---- Information provided
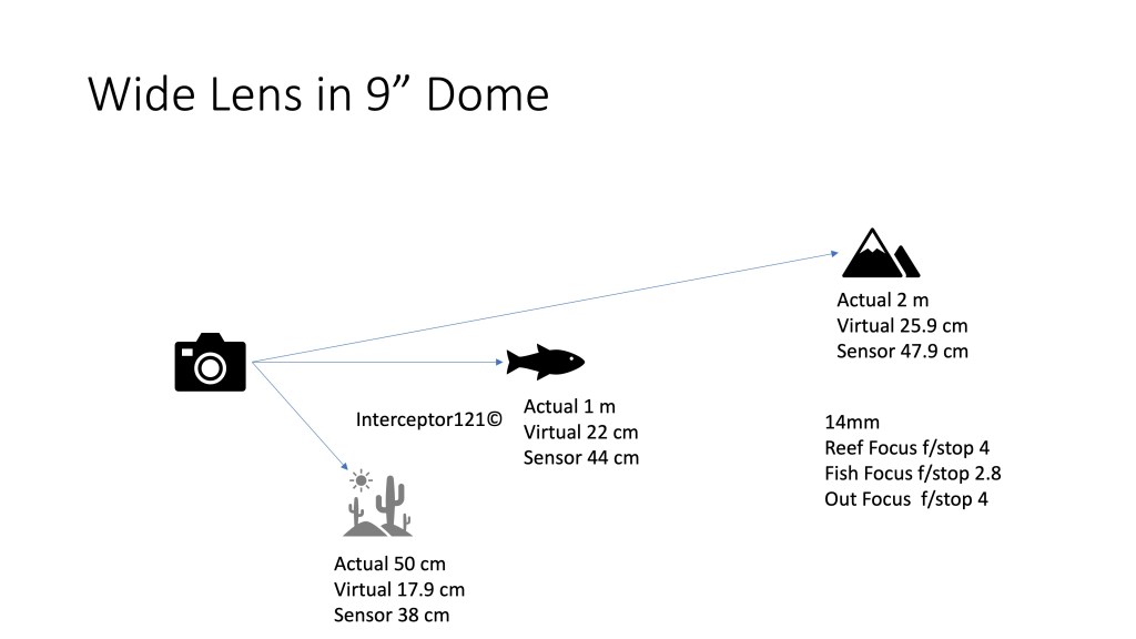 What does this mean and is it true? First, the majority of rectilinear lenses are unable to offer the same diagonal field or view of a wet lens combined with a longer optic so this comparison is a bit difficult. Second majority of dome ports on the markets are limited to 14mm widest focal length so a comparison to match the field of view is not entirely possible.
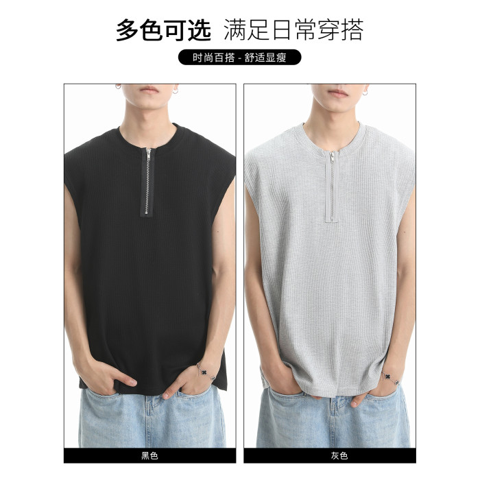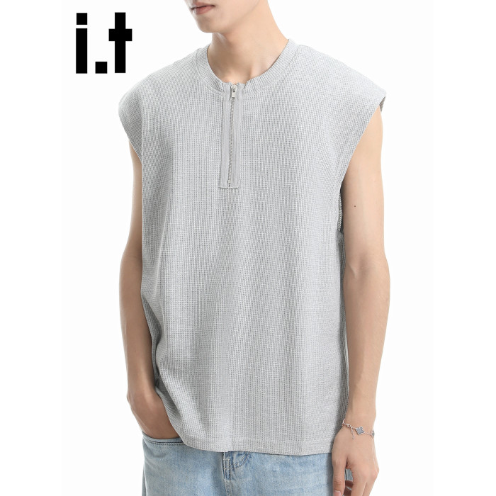 it :5cm/FIVECM美式灰色半拉鍊針織背心男款2025夏季薄款圓領上衣
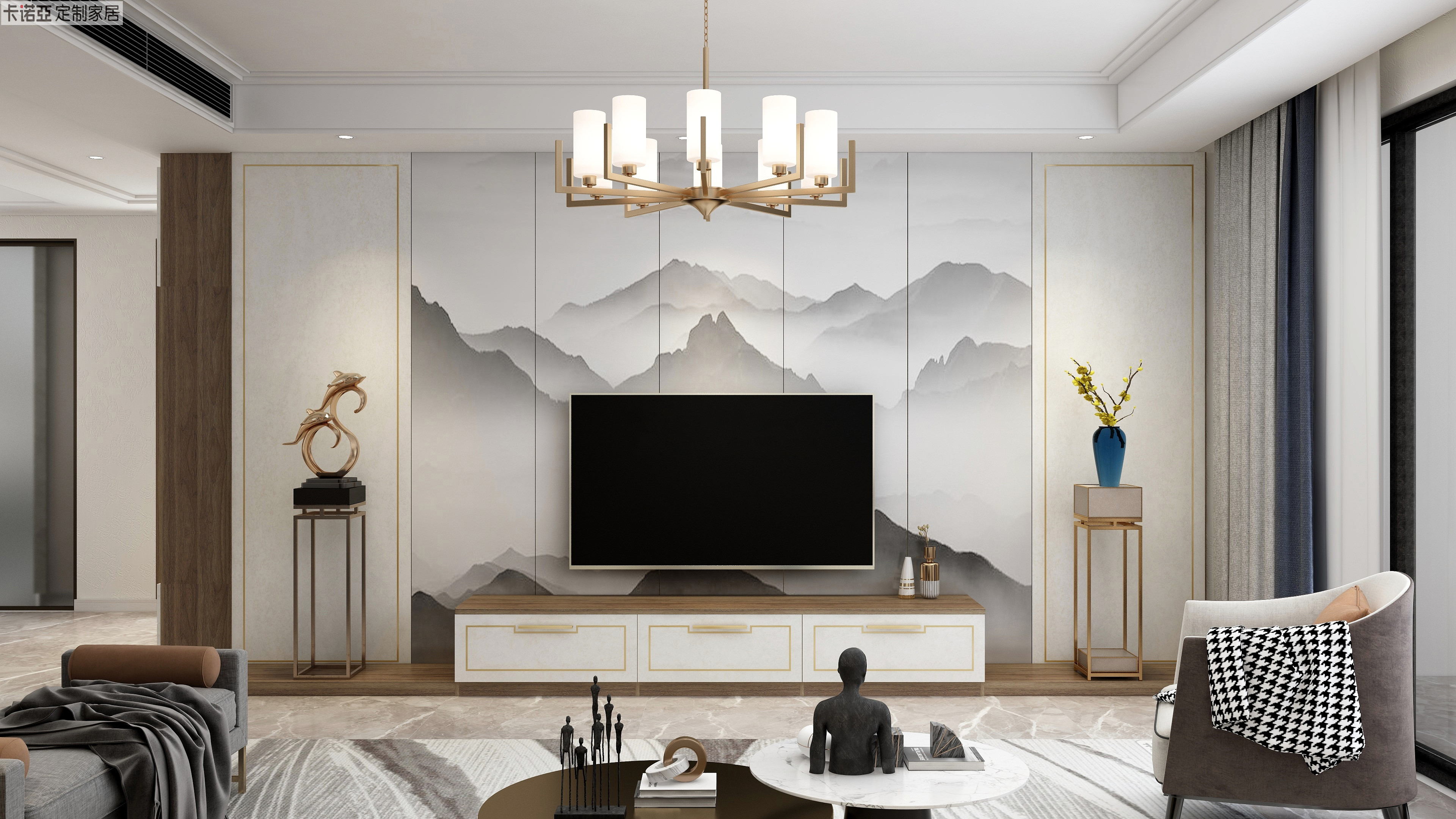 3D中式山水畫作為電視背景墻,讓人耳目一新。搭配側邊對稱的護墻板,采用回紋型金屬條的金邊勾勒,于無聲處驚鴻一瞥,營造意境悠遠的東方禪意空間。
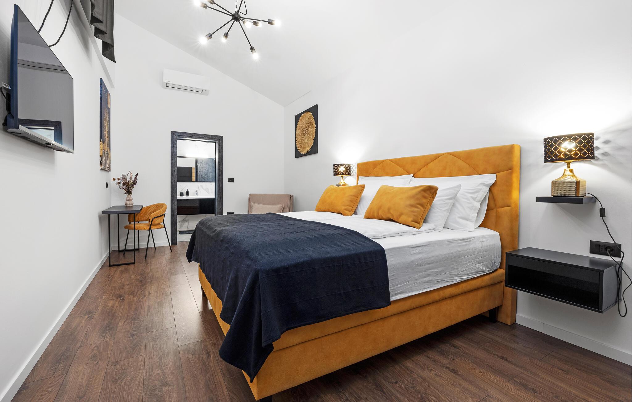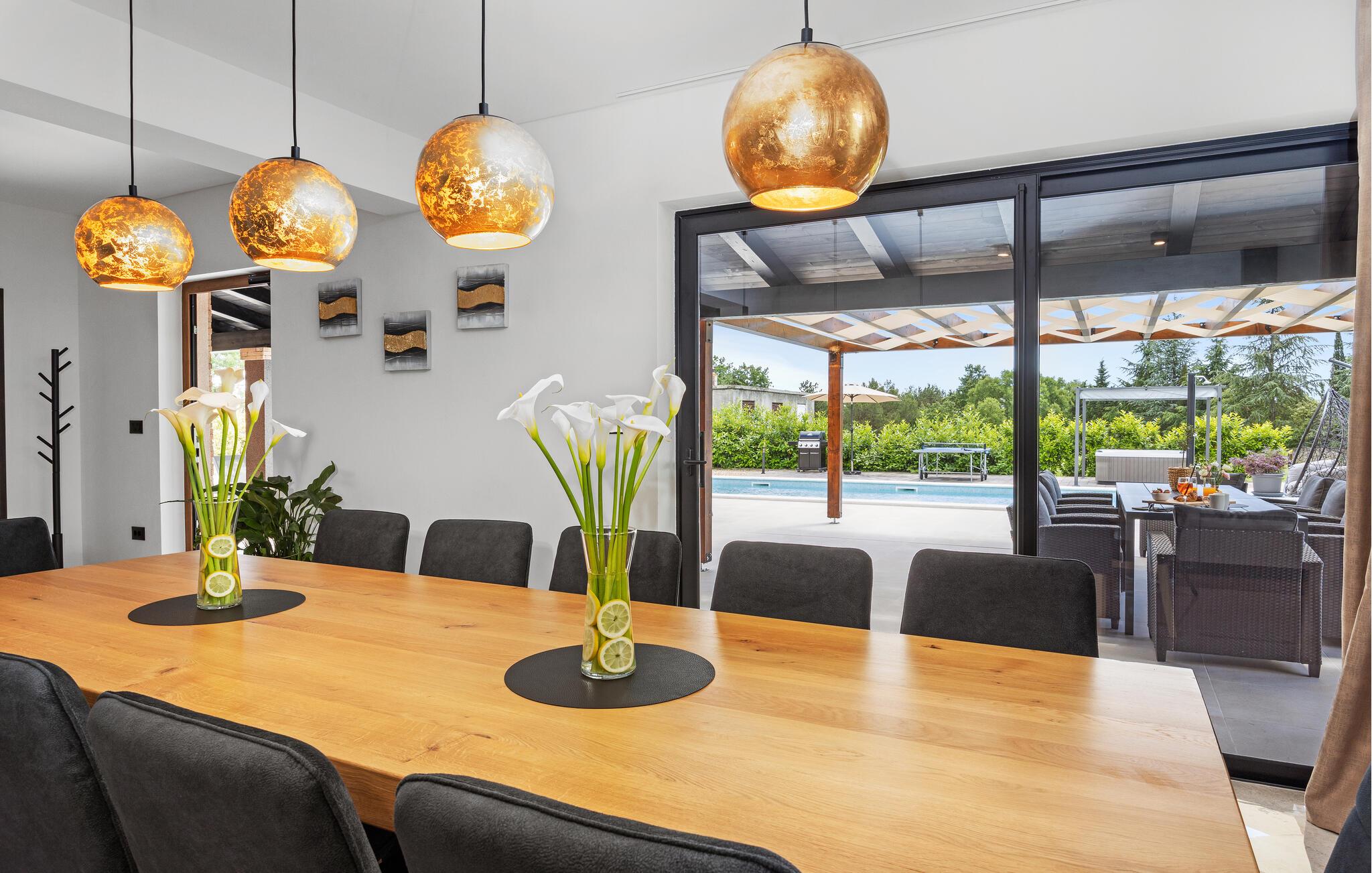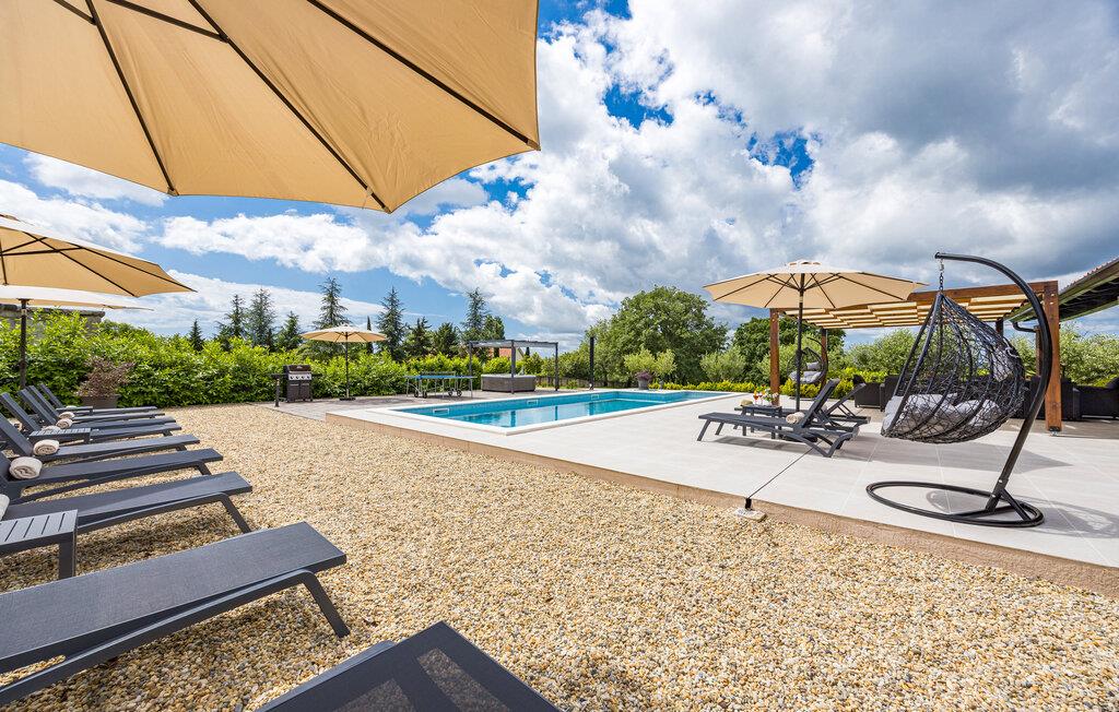 Forkæl jer selv med en pause og oplev en afslappende ferie i dette skønne feriehus. I Markoci, ikke langt fra Labin, vil I opleve en uforglemmelig ferie i denne luksuriøse villa. Det rummelige hus med en rummelig, grøn have tilbyder jer alt, hvad I skal bruge til en afslappende pause. Nyd den rolige beliggenhed, langt væk fra byens stress og jag, og lad hverdagens stress bag jer. Slap af i det elegante og komfortable interiør, som tilbyder jer masser af plads og komfort. Værelset med åben pejs og ekstra køkken lover selskabelige timer og kulinariske aftener. Udnyt de varme sommerdage til at snuppe en frisk dukkert i den private udendørs pool eller slap af i det udendørs spabad. Tilbered jeres yndlingsretter på grillen på den store terrasse og nyd de varme aftener med jeres kære. Prøv de fritidsaktiviteter, der tilbydes, herunder golf i den specielt forberedte del af haven. Udforsk den historiske gamle bydel i Labin, som fryder sig med sine maleriske gader og betagende udsigt. Lad jer blive forkælet af den lokale gastronomi og nyd istriske specialiteter i restauranterne og pizzeriaerne. I kan også besøge det nærliggende Rabac med sine smukke stenstrande og krystalklare hav, eller tage en bådtur til de omkringliggende øer om sommeren.
--------
Since only the text is needed, retype the data above exactly and omit the pictures.

 What does this mean and is it true? First, the majority of rectilinear lenses are unable to offer the same diagonal field or view of a wet lens combined with a longer optic so this comparison is a bit difficult. Second majority of dome ports on the markets are limited to 14mm widest focal length so a comparison to match the field of view is not entirely possible.
 it :5cm/FIVECM美式灰色半拉鍊針織背心男款2025夏季薄款圓領上衣
 3D中式山水畫作為電視背景墻,讓人耳目一新。搭配側邊對稱的護墻板,采用回紋型金屬條的金邊勾勒,于無聲處驚鴻一瞥,營造意境悠遠的東方禪意空間。
 Forkæl jer selv med en pause og oplev en afslappende ferie i dette skønne feriehus. I Markoci, ikke langt fra Labin, vil I opleve en uforglemmelig ferie i denne luksuriøse villa. Det rummelige hus med en rummelig, grøn have tilbyder jer alt, hvad I skal bruge til en afslappende pause. Nyd den rolige beliggenhed, langt væk fra byens stress og jag, og lad hverdagens stress bag jer. Slap af i det elegante og komfortable interiør, som tilbyder jer masser af plads og komfort. Værelset med åben pejs og ekstra køkken lover selskabelige timer og kulinariske aftener. Udnyt de varme sommerdage til at snuppe en frisk dukkert i den private udendørs pool eller slap af i det udendørs spabad. Tilbered jeres yndlingsretter på grillen på den store terrasse og nyd de varme aftener med jeres kære. Prøv de fritidsaktiviteter, der tilbydes, herunder golf i den specielt forberedte del af haven. Udforsk den historiske gamle bydel i Labin, som fryder sig med sine maleriske gader og betagende udsigt. Lad jer blive forkælet af den lokale gastronomi og nyd istriske specialiteter i restauranterne og pizzeriaerne. I kan også besøge det nærliggende Rabac med sine smukke stenstrande og krystalklare hav, eller tage en bådtur til de omkringliggende øer om sommeren.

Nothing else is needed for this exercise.